Burnham, meanwhile, performed the role of the relatable northerner with practiced ease. His admission of ambition was framed as honesty, yet his career trajectory reveals a politician who left Westminster in 2017 not out of solidarity with the working class, but because he saw no viable path to power under Jeremy Corbyn's leadership. As Sean O'Grady observed, Burnham 'was, is, and always will be a careerist'. The myth of the outsider serves both men, but it serves no one enduring systemic marginalisation.
Two-Tier Policing and the Weaponisation of Grievance
The debate's most contentious moment centred on allegations of two-tier policing. Kenyon echoed public sentiment claiming police bias favouring ethnic minorities, a narrative that fundamentally inverts the reality of state violence. It is not white communities who are over-policed, disproportionately detained, or subjected to stop-and-search powers that target BIPOC individuals. The two-tier policing discourse is a deliberate obfuscation, designed to delegitimise legitimate demands for racial justice and accountability.

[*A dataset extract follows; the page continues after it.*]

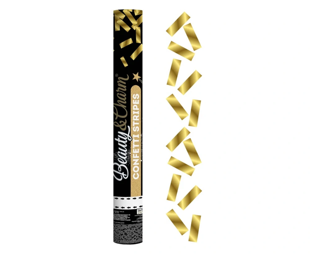 Vystřelovací konfety ve zlatém provedení. Překvapte oslavence výstřelem konfet na jeho narozeninové oslavě nebo s nimi jednoduše odstartuje Nový rok. Použití je jenom na vás!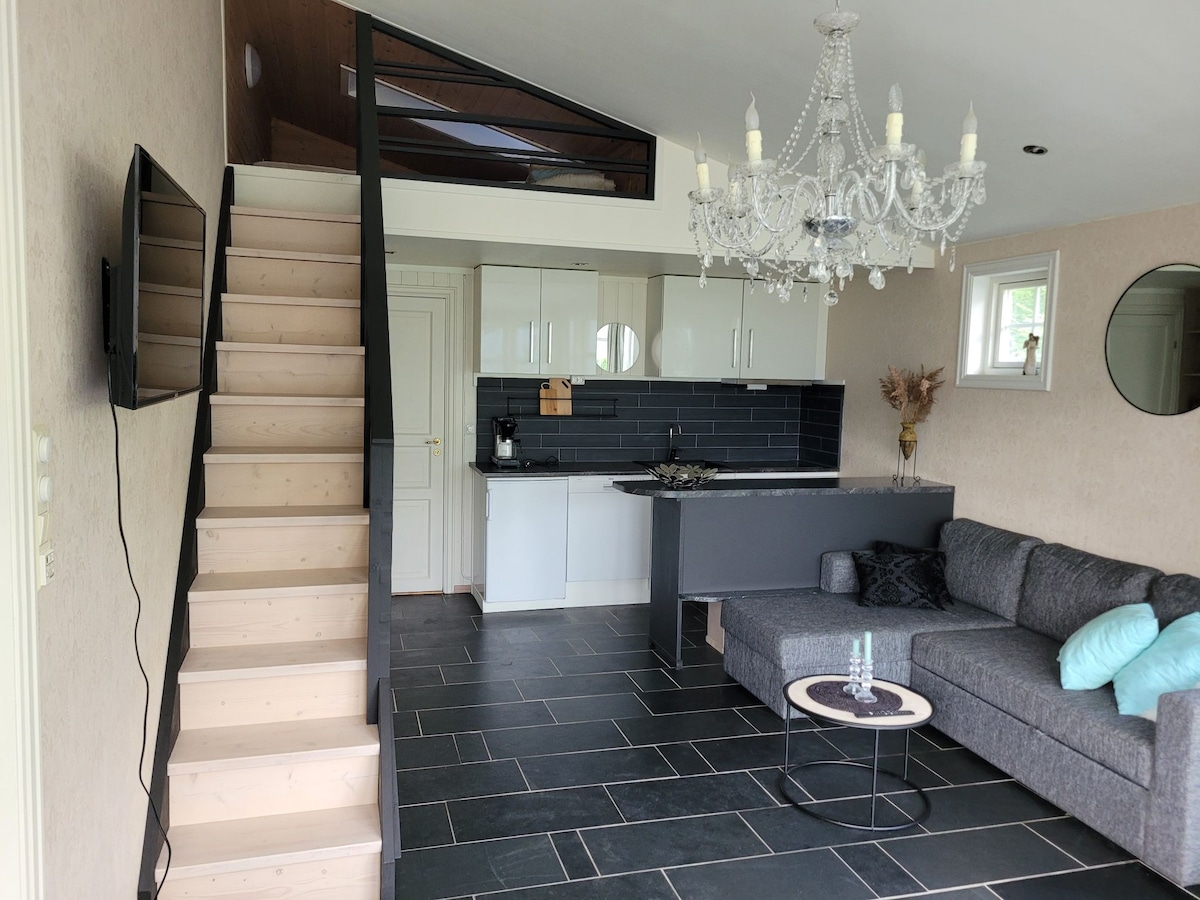 Cottage of about 60 square meters with 2 bedrooms. Own kitchen with crockery. The cottage is in a peaceful area with 3 other cabins. The chalet is in a private road and the area is quiet and peaceful. There is barbecue at the cabin for fine evenings with sunset in the fjord. There is a fireplace in the living room and it comes with firewood that can be used if it gets cold. There is also electric heating in every room. Bed linen and cleaning are included in the price.

Burnham's response was arguably more insidious. Rather than directly challenging the racist assumptions underpinning the two-tier narrative, he praised Conservative candidate Michael Winstanley and Kemi Badenoch for 'speaking really well' on the issue. This is the politics of the big tent at its most cynical: accommodating reactionary positions to capture votes, while those most harmed by policing practices are rendered invisible.

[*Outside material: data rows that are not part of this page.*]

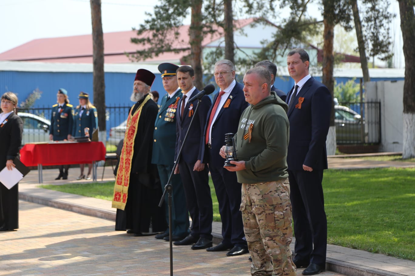Екатерина Нелень совместно с коллегами по Совету приняла участие в торжественном зажжении Вечного огня на мемориальном комплексе в поселке Ахтырском в честь воинов-пожарных, павших в годы Великой Отечественной войны и погибших на боевом посту при тушении пожаров. Мероприятие прошло в рамках Всероссийской акции «Храним огонь Победы».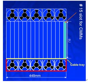 ATCA的架構主要包括以下部分:正面插槽,RTM,PEM,背板,CMMs,散熱系統。(參考圖一與圖二)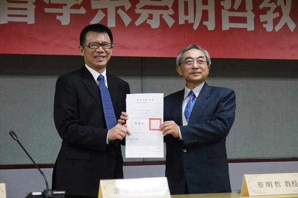 潘維大校長表示,很榮幸能參加蔡明哲教授的榮退茶會活動,蔡教授在本校服務期間不僅致力教學、研發新課程、編製授課講義,更開授「台灣社會史研究」、「社會行銷」與「社會學」等多門課程,門生無數遍及各行各業,個人也是蔡老師當年在法律系開授「社會學」課程的學生之一。潘校長還指出,蔡教授在東吳服務期間,曾擔任多項行政服務工作,除擔任社會系系主任外,還曾擔任本校文學院院長和教務長,十分感謝蔡教授對於本校各方面的卓越貢獻。
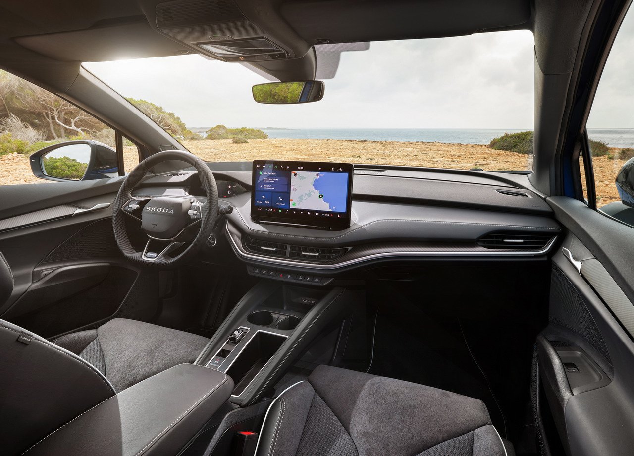 Jau standartinėje įrangoje montuojamas 13 colių įstrižainės centrinis informacijos ir pramogų sistemos ekranas. Elektromobilyje įdiegta naujoji vartotojo sąsaja pasižymi aiškiu, intuityviu ryšiu su vairuotoju ir nauju grafiniu dizainu. Pirmą kartą ši sistema buvo pristatyta dabartiniame „Enyaq“ bei naujosios kartos „Superb“ ir „Kodiaq“ modeliuose.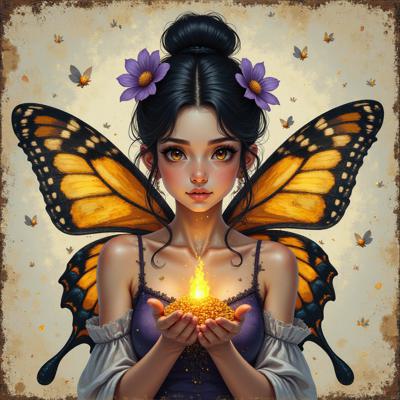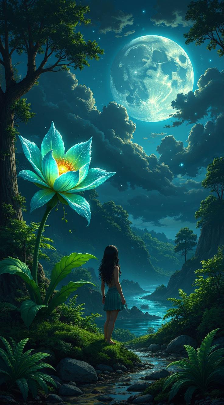 Ночной лес, залитый лунным светом. Среди папоротников и светящихся мхов распустился магический цветок — его лепестки переливаются флуоресцентным зелёным, голубым и серебром. Рядом с ним парит юная ночная фея curvy PAWG с огромной макромастией, тонкой талией и широкими бёдрами. Её крылья полупрозрачны, переливаются как перламутр, длинные светящиеся волосы струятся по воздуху. Она нежно касается цветка рукой, вокруг искрятся мириады спор и светлячков. Туман подсвечен снизу, создавая волшебное сияние. Full frame DSLR, HDR, macro, high detail, night shot, long exposure, cinematic light.

Henry Nowak and the Silence on State Violence
The death of 18-year-old Henry Nowak deserves far more scrutiny than this debate afforded. Nowak, a student who had been stabbed, was ignored by police when he sought help. He died while being arrested and handcuffed, after his killer, Vickrum Digwa, falsely claimed to be the victim of a racist attack. This case encapsulates multiple systemic failures: the criminalisation of victims, the readiness of police to detain rather than protect, and the dangerous ease with which accusations of racism can be weaponised to justify state violence against marginalised individuals.

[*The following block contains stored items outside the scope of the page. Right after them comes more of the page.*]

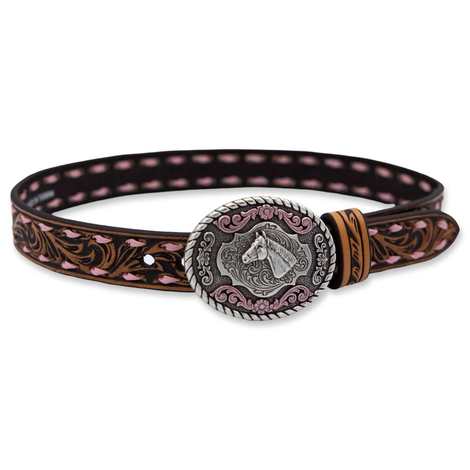 Floral Tooled Pink Buckstitch Baby Belt with Buckle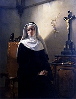 G.Molteni, La Signora di Monzadel processo, eccezionalmente esposti. Tra arte e storia la mostra propone alcuni tra i più bei ritratti dell'epoca, scene ricche di pathos, come la grande tela di Francesco Hayez raffigurante Valenza Gradenigo davanti agli Inquisitori realizzata nel 1835, ma anche rappresentazioni dolci e malinconiche come l'olio su tela di Stefano Ussi dedicato a Pia de'Tolomei; e ancora scene di raccoglimento come quella rappresentata da Giuseppe Molteni con la sua Signora di Monza datata 1847, un olio su tela conservato ai Musei Civici di Pavia.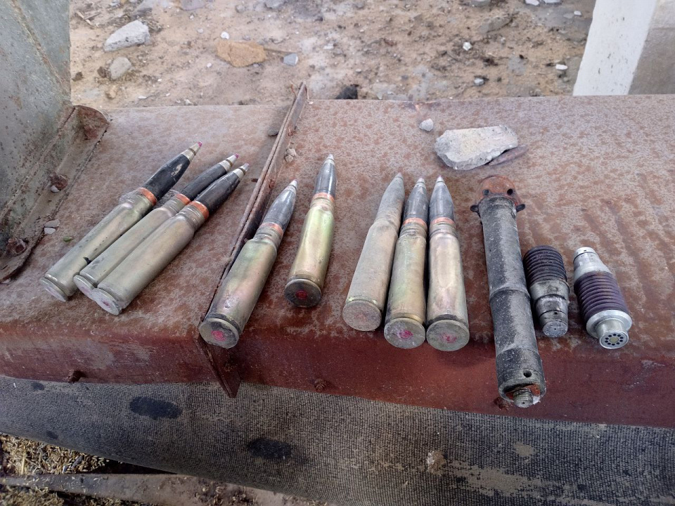 Для обследования местности площадью около трёх квадратных километров были привлечены кинологи с тремя служебно-розыскными собаками, а хранилище поделено на сектора. В результате полицейские обнаружили 2 осколочных гранатометных выстрела, 2 выстрела от РПГ, 34 взрывателя АР-5, 110 патронов калибра 7,62 и 14,4 миллиметра, а также около 3 кг тротила и 20 кг артиллерийского пороха.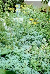 Weinraute Ruta graveolens “Die Weinraute ist gut gegen die trockenen Bitterkeiten, die in jenem Menschen wachsen, in dem die richtigen Säfte fehlen.....Und wenn sie gegessen ist, unterdrückt sie die unrechte Hitze des Blutes im Menschen. Denn die Wärme der Raute vermindert die unrechte Wärme der Melancholie. Und so wird es dem Menschen der melancholisch ist, besser gehen, wenn er sie nach anderen Speisen ißt.” Anwendung: Bei Depressionen, Hormonregulationsstörungen, Wallungen, Zwischenblutungen, Diabetes, Gallenstau, Verdauungsstörungen, Duodenalulkus, zu starker, schmerzhafter Menstruation. Verwendung: Kleingehackt eignen sich die stark aromatischen Blätter als Zugabe zu Spinat, Käse- und Quarkspeisen, auf Butterbrot, in Wildbretbeize, zu gekochtem Fisch und Lamm.

Burnham pointed to his relationship with the local police chief, claiming he backed efforts to ensure police were 'seen as neutral, serving all communities'. The emphasis on being 'seen' as neutral, rather than actively being accountable, speaks volumes. Neutrality is not justice when the system itself is structurally biased. As abolitionist scholars and activists have long argued, reforming institutions built on carceral logic is insufficient; they must be dismantled and reimagined.
Who Wins When the Margins Are Excluded?
The Liberal Democrat and Green candidates, Jake Austin and Sarah Wakefield, offered substantive challenges to the dominant narratives. Wakefield's confrontation of Kenyon over his refusal to apologise for violence in Southampton, invoking Carol Vorderman's scrutiny, was a rare moment of accountability in an otherwise evasive evening. Yet these candidates will lose their deposits, casualties of an electoral system designed to entrench two-party dominance and marginalise alternative voices.
The real losers, however, are those never invited to the debate stage. Migrants facing detention and deportation. Trans and non-binary youth targeted by a hostile media landscape. Disabled people abandoned by austerity. Neurodivergent individuals failed by systems not designed for them. The Makerfield debate was a spectacle of power competing with power, while the structures that produce harm remained entirely unchallenged.
Burnham won the night, if winning means performing competence without confronting complicity. But for those living at the intersections of state violence, poverty, and marginalisation, nothing debated on that stage offered liberation. The question is not who won the debate. The question is who will dismantle the systems that make such debates necessary.